When you put ’em in that perspective, it’s like “Oh.” But when you say Neo-Soul it almost implies that it’s something way over there. And even when they say that you’re an R&B singer, it’s like yeah, I sing R&B songs. I make R&B music, but there’s more to what I do than just R&B music, and when you do that you restrict, you restrict me from being able to do other things that I’m into. That, I would like to show you. That, I wanna give you. That, I’m good at. But you won’t accept it if you’re only willing to expect me to just do one thing.

So, my feelin’ on that is, it’s cool. It’s cool, it’s cool but there’s more to it. I pray that people will not limit me to just as an R&B singer or a Neo-Soul artist. Those are what I am and what I do but there’s way more to it than that. And I just hope people see that.

AHHA: Now, I know you have a very good live show, lots of energy.
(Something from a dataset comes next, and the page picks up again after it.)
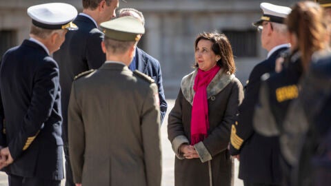 La titular de Defensa evita la polémica con el líder del PP, Alberto Núñez Feijóo, sobre su petición de viajar a Letonia para visitar las tropas españolas porque "las fuerzas armadas son de todos" y asegura el dirigente popular no ha hablado con ella sobre este asunto.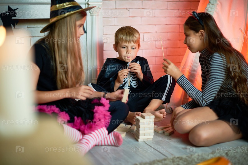 Дети играют в игры на вечеринке Хэллоуина

You really get the crowd hype and everything. How do you feel about the revival of dance in stage shows like artists, Ne-Yo, Chris Brown, Omarion, etc., and how do you keep your own shows fresh?

Musiq: All that dancin’ and stuff. That’s fresh. I’m just not gonna do it.I kinda look at myself as an MC waitin’ to happen. So, it’s almost like askin’ Ghostface how he keeps his show live, it’s almost like askin’ Nas how do he keep his show live. You just use the material, you use the work. I wish that I had the energy to do all of that Chris Brown stuff and all of that Usher stuff. You know, I would love to be able to do all of that.
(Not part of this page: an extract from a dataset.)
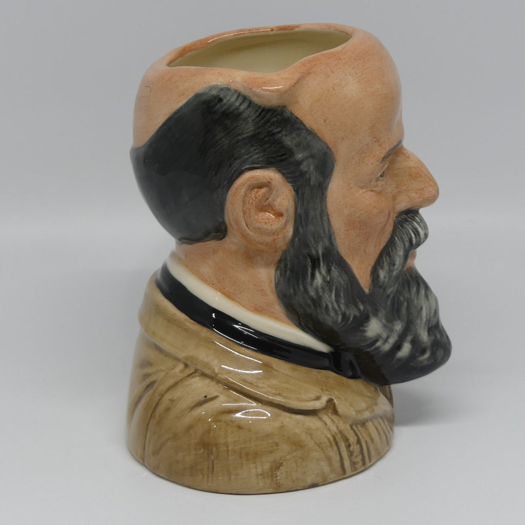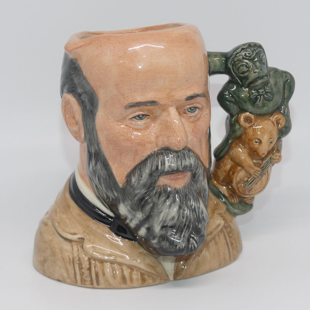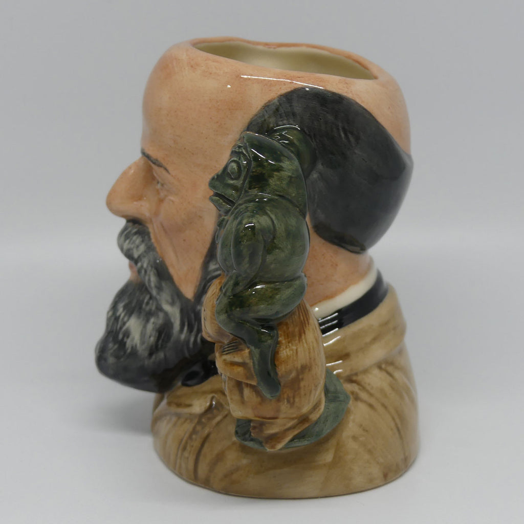 At Doulton, he produced a wide assortment of wares including vases, jugs, humorous figures and animals and larger pieces. Much of his work shows an attention to intrinsic detail that is unrivalled in the world of pottery. Two of the humorous animals he is renowned for - feature on the handle of this jug.

I put so much energy into the music that I don’t really have time to perform. Only thing I have left to do is to pace back and forth. And I also want people to pay attention to the band. That’s a very important element in my performance. So if I have a whole bunch of dancers on stage, there’s too many things to look at. Definitely, big ups to the people that do it. Beyonce, she’s one of the best people that do it. To have a band and have dancers. But she has to cater to a much broader audience. So it’s almost like, it kinda balances itself out.
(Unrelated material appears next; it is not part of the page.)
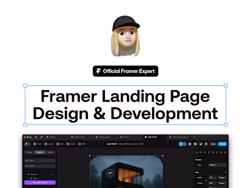 A modern, fully custom landing page designed directly in Framer. Responsive across desktop, tablet, and mobile, built with performance and SEO best practices in mind. Includes up to 2 rounds of revisions.
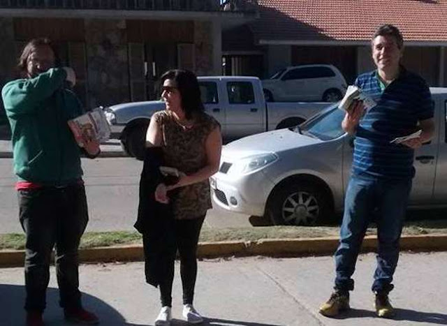Fernando Kuhn , candidato a intendente de Progresistas junto con quienes lo acompañan en la lista y con militantes de este espacio estuvieron distribuyendo las propuestas de este frente y la boletas a los vecinos en el parque miguel Lillo

AHHA: Now, what would you say was your most embarrassing moment in the spotlight?

Musiq: My most embarrassing moment in the spotlight…it used to be the fact when I first came out with Aijuswanaseing and I had to sing “Love” and sometimes my throat would like go out. And I can’t hit that note that used to suck. But hey, I’m human. But I think now my most embarrassing moment is when I forgot the line to “The National Anthem” at Madison Square Garden for the Michael Jordan Championship. That was embarrassing because I know “The National Anthem.” That night I sound checked it, twice, without even thinkin’ about it. But for some reason, when that line came, I just drew a blank. I really can’t explain it.

AHHA: You just wanted to sing something else.

Musiq: I think I just wanted to sing something else. Or maybe, no, what it was, was it was alot of things goin’ on in my mind. Cause that was at the time of the transition from one label to the next. I been away for a while and people was in my ear. I don’t mean to use that as an excuse but those things they had their effects. And it showed in something as simple as a song that I pretty much knew all my life. But, you know. Yeah, but hey, things happen.

AHHA: Now if we go into Musiq Soulchild’s closet…

Musiq: Wow. Ok. I thought you were gonna say CD player or something.

AHHA: Nah, closet. You’re a fashionable guy. You have your own style.

Musiq: See this is the thing. I didn’t work my own style yet. Don’t get it twisted. I rocked a lot of fresh stuff ‘cause I had to meet it in some way. But once I get to that position, don’t be surprised with the kind of stuff ‘cause I’m a funk child at heart yo. So, don’t be surprised. I mean, I ain’t gonna scare y’all with the George Clinton hair and everything. Eventually, I will get there, in my own way.

In the history of music, when people get passionate about their stuff from Sly & the Family Stone, you know Sly used to rock some crazy stuff. But he thought it was fresh. That’s how he wanted to present himself. To Prince, to George Clinton, even to James Brown, all the way up to Andre3000, to Common, to Erykah Badu they rock how they feel. They rock stuff according to how they feel.